Abaküs Yazılım
10. Hukuk Dairesi
Esas No: 2016/9168
Karar No: 2016/11445
Karar Tarihi: 21.09.2016

Yargıtay 10. Hukuk Dairesi 2016/9168 Esas 2016/11445 Karar Sayılı İlamı

10. Hukuk Dairesi         2016/9168 E.  ,  2016/11445 K.
"İçtihat Metni"


Mahkemesi :İş Mahkemesi


Dava, 19.10.2010 tarihli trafik-iş kazası sonucu vefat eden sigortalının hak sahiplerine bağlanan peşin değerli gelirlerden oluşan Kurum zararının rücuan tahsili istemine ilişkindir.
Mahkemece, ilamına belirtildiği şekilde davanın kabulüne karar verilmiştir.

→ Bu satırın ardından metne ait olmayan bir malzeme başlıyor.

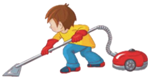
Наводить порядок дома: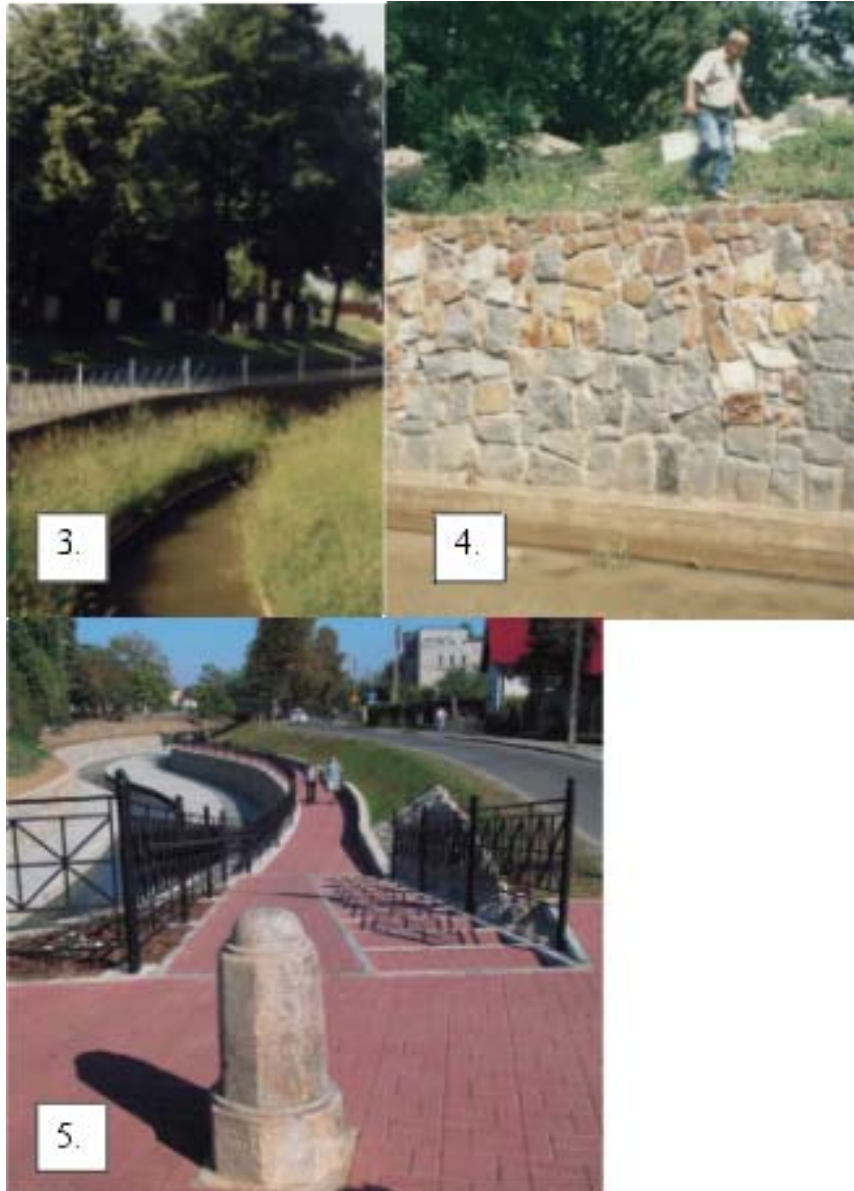
Rysunek 3. Widok sekcji I po przebudowie Figure 3. View of Segment I after rebuilding Rysunek 4. Mur betonowy z okładziną kamienną. Figure 4. Concrete wall with brick facing Rysunek 5. Sekcja IV Figure 5. Segment IV after rebuilding

Hükmün, davacı Kurum ile davalılardan .......... Avukatları tarafından temyiz edilmesi üzerine, temyiz isteklerinin süresinde olduğu anlaşıldıktan ve Tetkik Hâkimi ... tarafından düzenlenen raporla dosyadaki kâğıtlar okunduktan sonra işin gereği düşünüldü ve aşağıdaki karar tespit edildi.

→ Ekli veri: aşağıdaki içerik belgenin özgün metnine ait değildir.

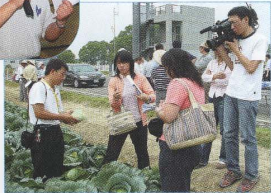
↑電視台也來採訪這個比賽活動

1-Dava, 19.10.2010 tarihinde meydana gelen trafik kazası sonucu vefat eden sigortalının hak sahiplerine bağlanan peşin değerli gelirlerden oluşan Kurum zararının davalılardan rücuan tahsili istemine ilişkin olup, davanın yasal dayanağı 5510 sayılı Yasa"nın 21/4. maddesidir.

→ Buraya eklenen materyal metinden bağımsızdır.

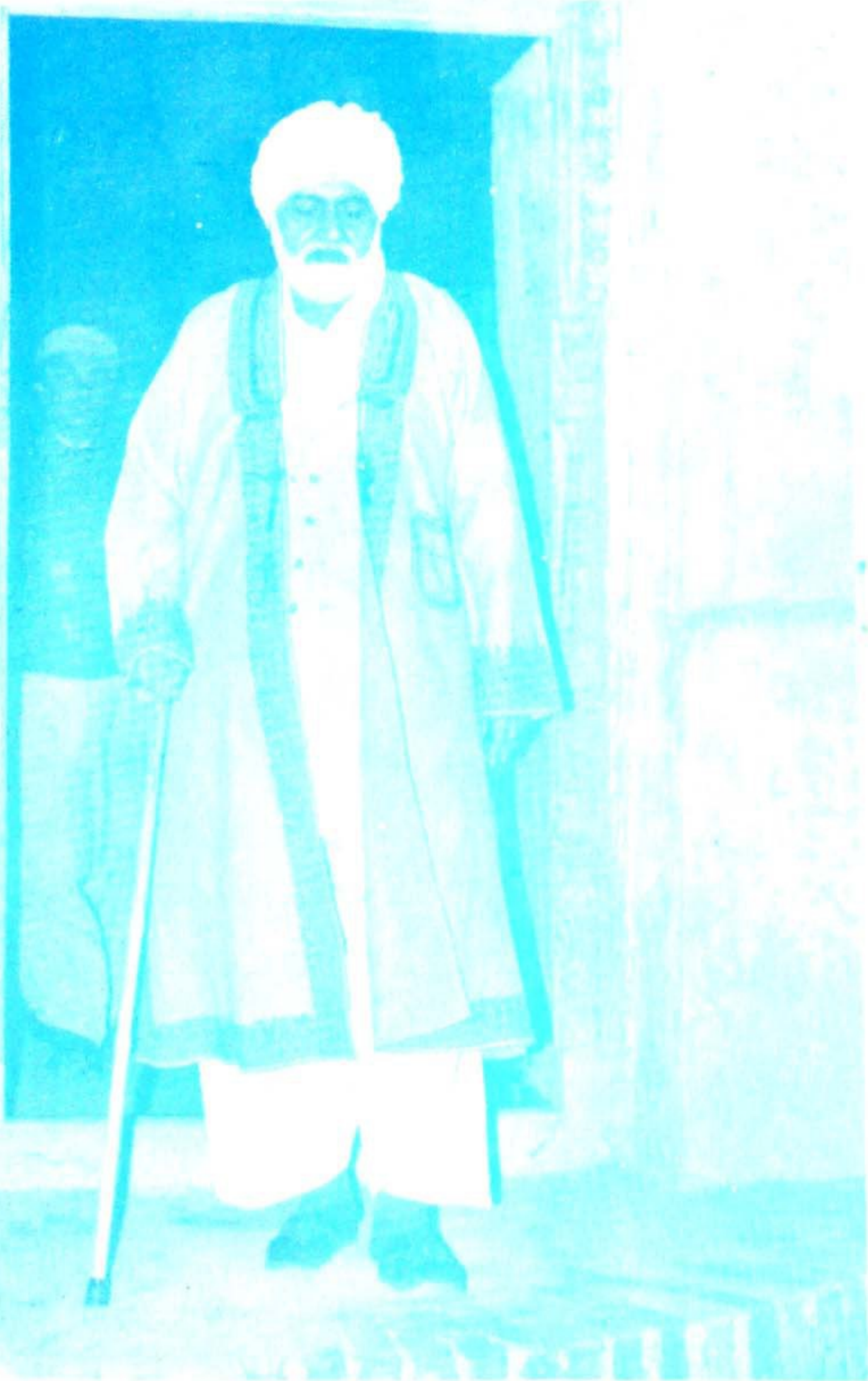
حضرت قبلہ سائین پیر فہض محمد نقشبندی مدظلہ العالی سجادہ نشین درگاہ عالیہ لواری شریف

5510 sayılı Kanunun 21. maddesinin dördüncü fıkrası üçüncü kişinin sorumluluğunu düzenlemekte olup; buna göre, iş kazası, meslek hastalığı ve hastalık, üçüncü bir kişinin kusuru nedeniyle meydana gelmişse, sigortalıya ve hak sahiplerine yapılan veya ileride yapılması gereken ödemeler ile bağlanan gelirin başladığı tarihteki ilk peşin sermaye değerinin yarısı, zarara sebep olan üçüncü kişilere ve şayet kusuru varsa bunları çalıştıranlara rücû edilebilecektir. Anılan fıkrada geçen “çalıştıranlara” ibaresi, zararlandırıcı sigorta olayına neden olan üçüncü kişinin işverenlerini ifade etmekte olup; söz konusu işverenlerin sorumluluğu için, iş kazası veya meslek hastalığının oluşmasında kusurunun bulunduğunun saptanması gerekir. Anılan maddede yarısı bakımından rücu edilebilecek tutarın peşin değerli gelirler olduğu, geçici iş göremezlik ödemeleri bakımından ise tamamen rücu edilebileceği belirtilmiştir.
Eldeki davada ise; davanın yasal dayanağının 5510 Sayılı Yasanın 21. maddesinin dördüncü fıkrası olması ve buna göre kazaya sebep olan ve 3. Kişi konumundaki davalı ... ile sigortacısı davalı şirketin sorumluluğunun peşin semaye değerli gelirlerin ilk satırının yarısının kusur karşılığı dikkate alınarak belirlenmesi gerekirken yazılı şekilde hüküm tesisi isabetsizdir
2-Diğer taraftan, Rücuan tazminat davalarında sigorta şirketleri yönünden faiz başlangıcı (temerrüt) tarihinin hiç bir duraksamaya yer vermeyecek açıklıkta belirlenmesi gerekir. İlgililerce gerekli belgeler eklenerek 2918 sayılı Kanunun 98, 99 ve 108. maddeleri ile 03.05.1997 tarihinde Resmi Gazetede yayımlanan Karayolları Trafik Garanti Fonu Yönetmeliğinin 12, 13 ve 14. maddelerinde yazılı şekilde şirkete başvurulmasına karşın sekiz iş günü içerisinde ödeme yapılmadığı takdirde anılan sürenin sonunda temerrüt olgusunun gerçekleştiğinin ve faiz başlangıcının da bu süre sonuna karşılık gelen tarih olduğunun kabulü gerekmektedir. Hiç başvurulmaması veya gerekli belgeler eklenmeksizin başvurulması durumunda ise, sigorta şirketinin temerrüdünden söz edilemeyeceğinden, şirkete karşı girişilen icra takip tarihinin veya takibe girişilmeden dava açılmışsa dava tarihinin faiz başlangıcı olarak kabulü zorunludur.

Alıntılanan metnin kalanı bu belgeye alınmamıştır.